Time Period3 Months [change]
DirectionMoves Against 
StrengthVery Weak
Accuracy100.0%
ValuesDaily Returns

Moderna  vs.  BioNTech SE

 Performance 
       Timeline  
Moderna 

Risk-Adjusted Performance

0 of 100

 
Weak
 
Strong
Very Weak
Over the last 90 days Moderna has generated negative risk-adjusted returns adding no value to investors with long positions. Despite fragile performance in the last few months, the Stock's basic indicators remain nearly stable which may send shares a bit higher in December 2024. The current disturbance may also be a sign of long-run up-swing for the company stockholders.
BioNTech SE 

Risk-Adjusted Performance

9 of 100

 
Weak
 
Strong
OK
Compared to the overall equity markets, risk-adjusted returns on investments in BioNTech SE are ranked lower than 9 (%) of all global equities and portfolios over the last 90 days. Despite nearly fragile basic indicators, BioNTech reported solid returns over the last few months and may actually be approaching a breakup point.

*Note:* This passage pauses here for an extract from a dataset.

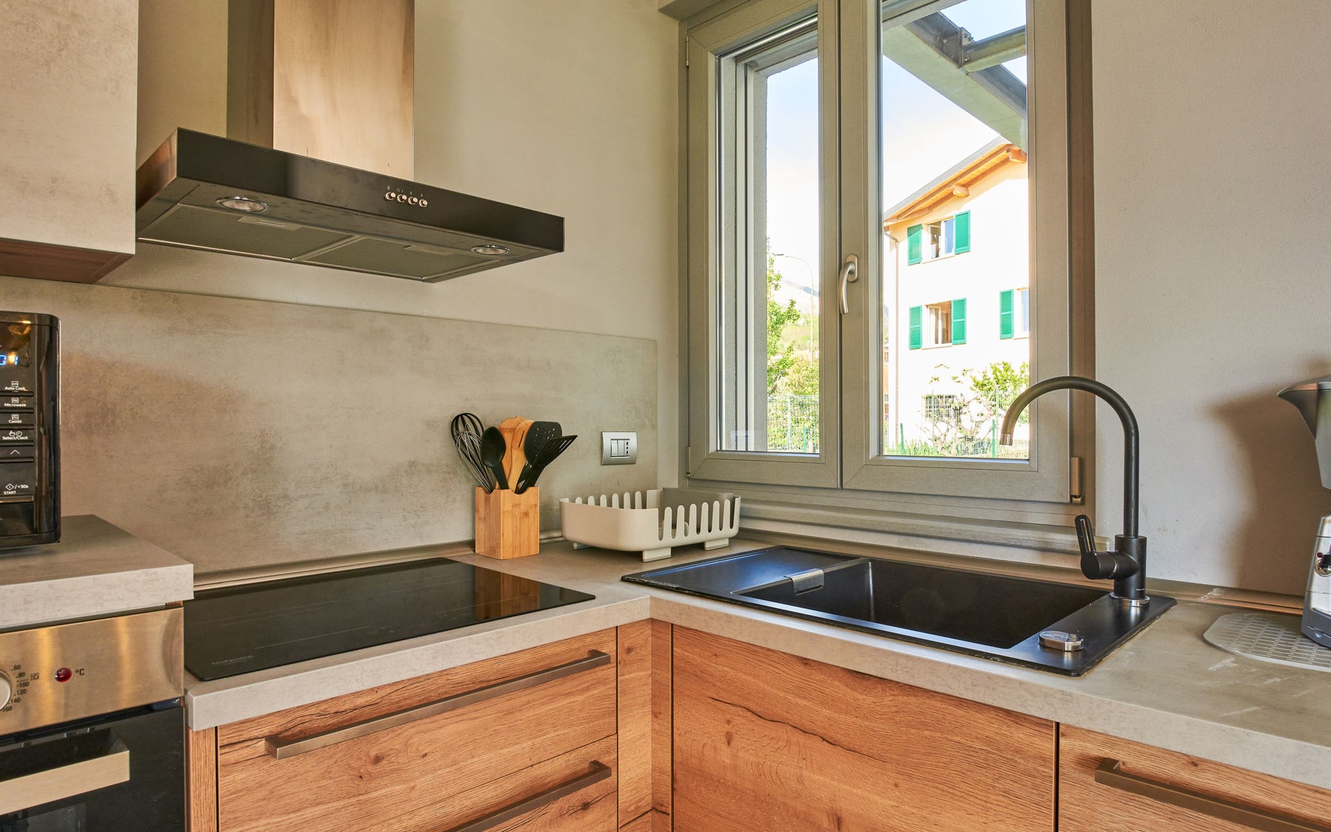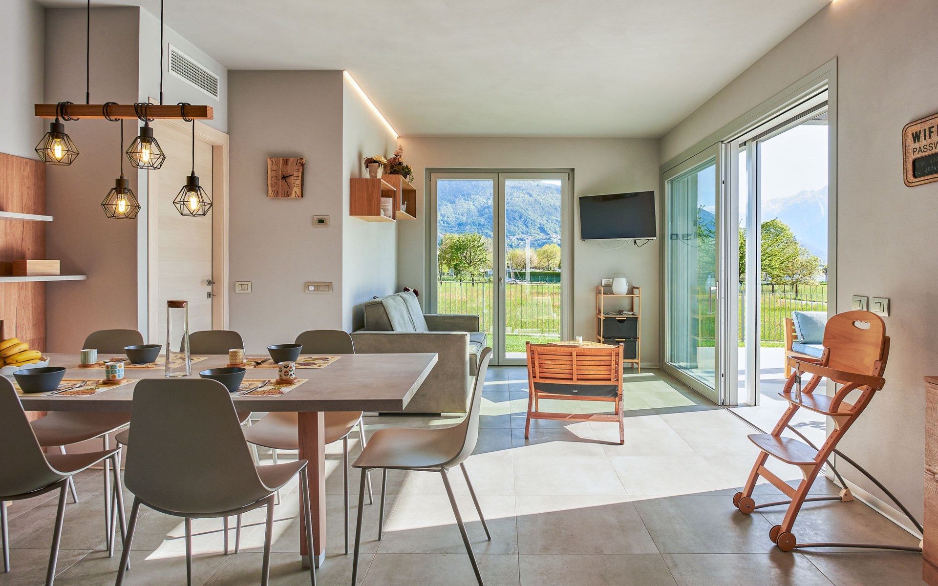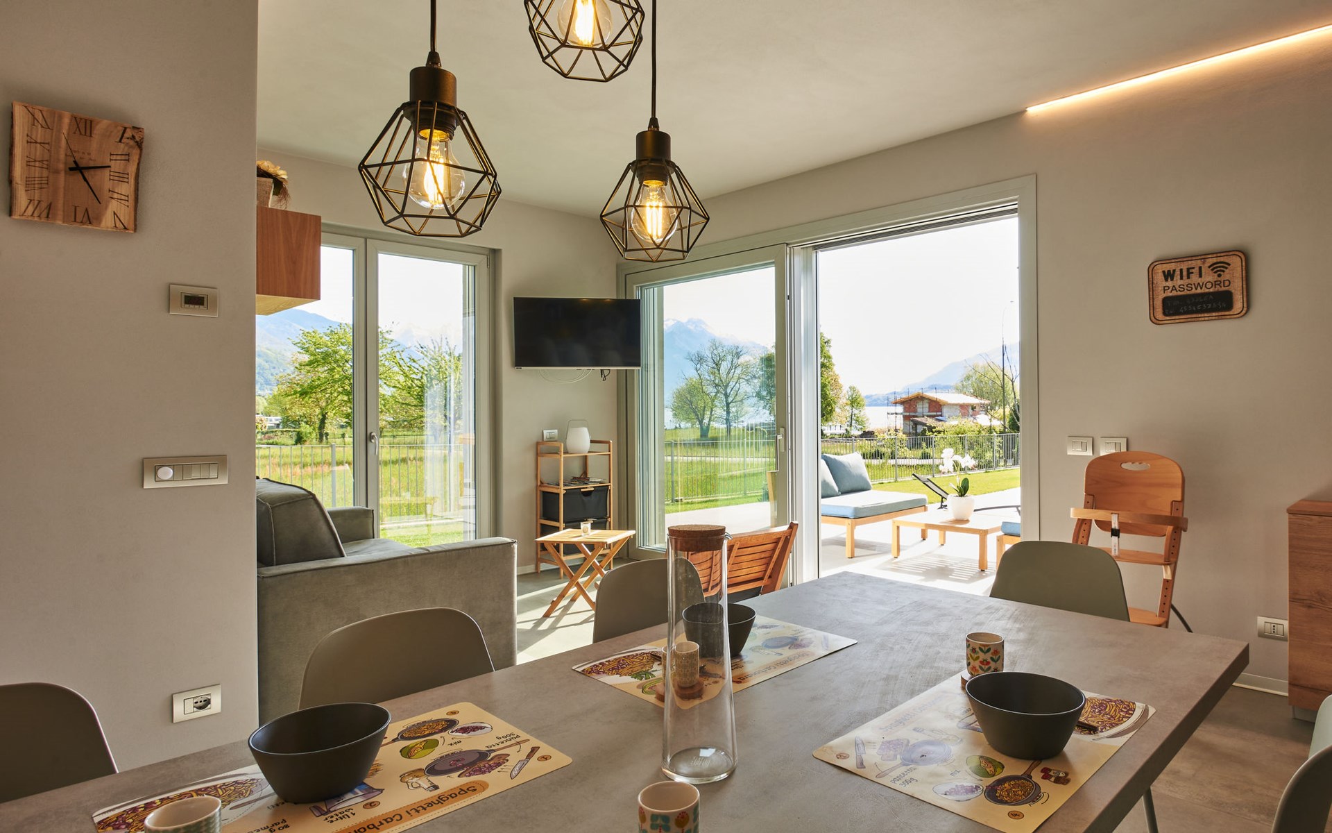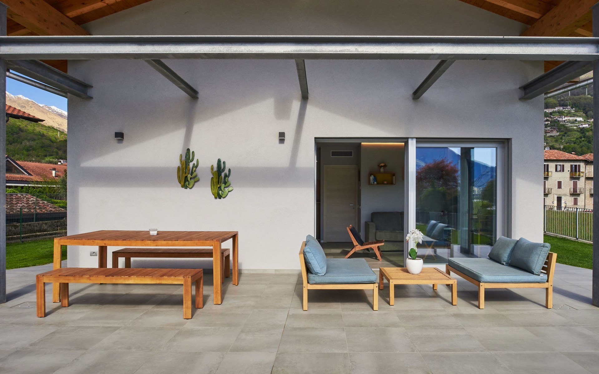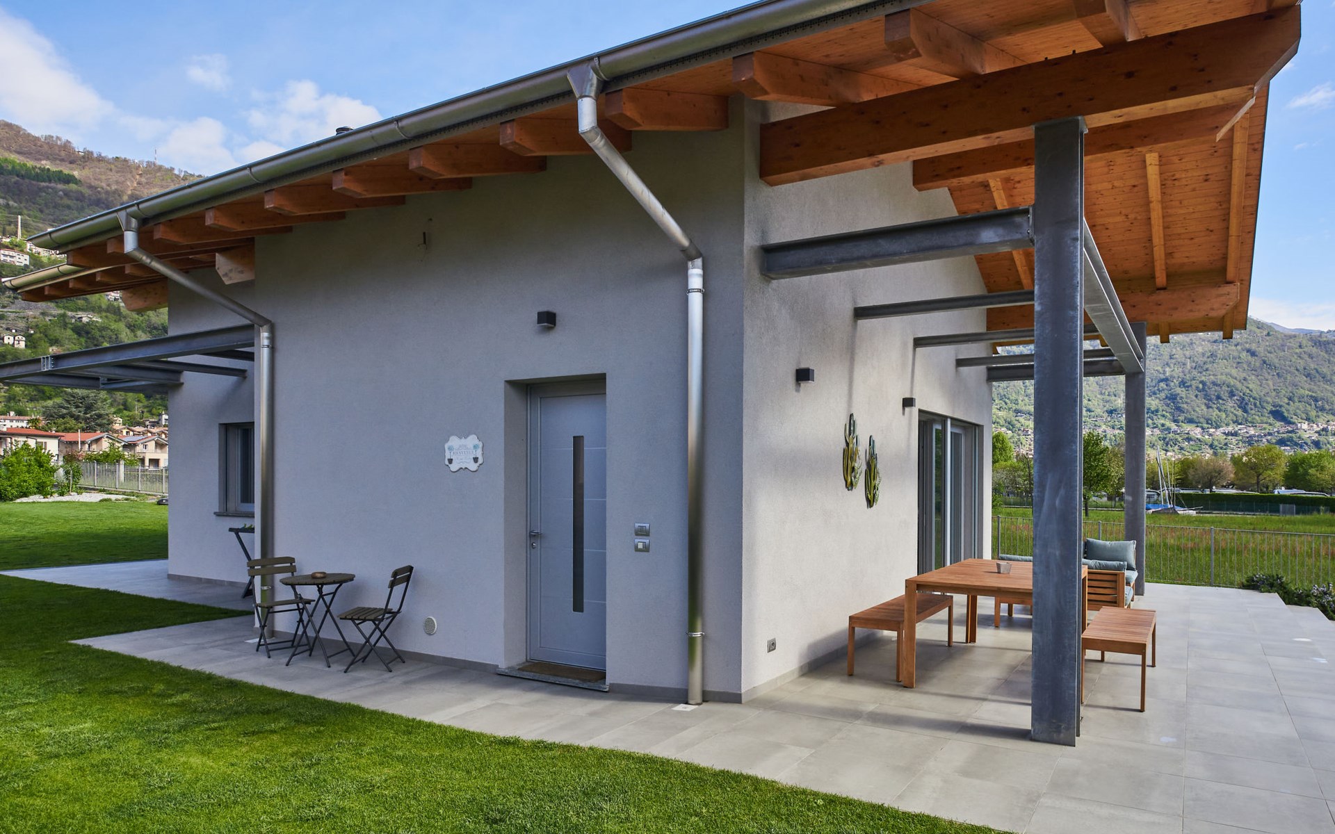 Modernes, komfortables Haus "Lusi", Baujahr 2022. 1.5 km vom Zentrum von Dongo, 50 km vom Zentrum von Como, 42 km vom Zentrum von Lugano, im Villenviertel, 80 m vom See. Zur Alleinbenutzung: Grundstück 600 m2 (eingezäunt) mit Rasen, Schwimmbad eckig (8 x 4 m, saisonale Verfügbarkeit: 01.Apr. - 01.Okt.) mit Salzelektrolyse-Reinigungssystem. Aussendusche, Poolpflege durch den Besitzer/Gärtner. Parkplatz (für 2 Autos, überdacht). Lebensmittelgeschäft 400 m, Supermarkt 1 km, Restaurant 900 m, Bar 200 m, Bäckerei 300 m, Fahrradverleih 1.6 km, Bushaltestelle "C10 Como-Menaggio-Colico" 400 m, Bahnstation "Colico" 19 km, Grasstrand 80 m, Freibad 4.5 km. Sporthafen, Jacht-Hafen 1.5 km, Golfplatz (18 Loch) 18 km, Surfschule 500 m, Segelschule 500 m, Kinderspielplatz 350 m. Nahe gelegene Sehenswürdigkeiten: Palazzo Gallio-Gravedona, Menaggio, Bellagio, Varenna. Bekannte Seen in der Umgebung sind gut erreichbar: Lago di Mezzola.

Moderna and BioNTech Volatility Contrast

   Predicted Return Density   
       Returns  

Pair Trading with Moderna and BioNTech

The main advantage of trading using opposite Moderna and BioNTech positions is that it hedges away some unsystematic risk. Because of two separate transactions, even if Moderna position performs unexpectedly, BioNTech can make up some of the losses. Pair trading also minimizes risk from directional movements in the market. For example, if an entire industry or sector drops because of unexpected headlines, the short position in BioNTech will offset losses from the drop in BioNTech's long position.
The idea behind Moderna and BioNTech SE pairs trading is to make the combined position market-neutral, meaning the overall market's direction will not affect its win or loss (or potential downside or upside). This can be achieved by designing a pairs trade with two highly correlated stocks or equities that operate in a similar space or sector, making it possible to obtain profits through simple and relatively low-risk investment.
Check out your portfolio center.
Note that this page's information should be used as a complementary analysis to find the right mix of equity instruments to add to your existing portfolios or create a brand new portfolio. You can also try the My Watchlist Analysis module to analyze my current watchlist and to refresh optimization strategy. Macroaxis watchlist is based on self-learning algorithm to remember stocks you like.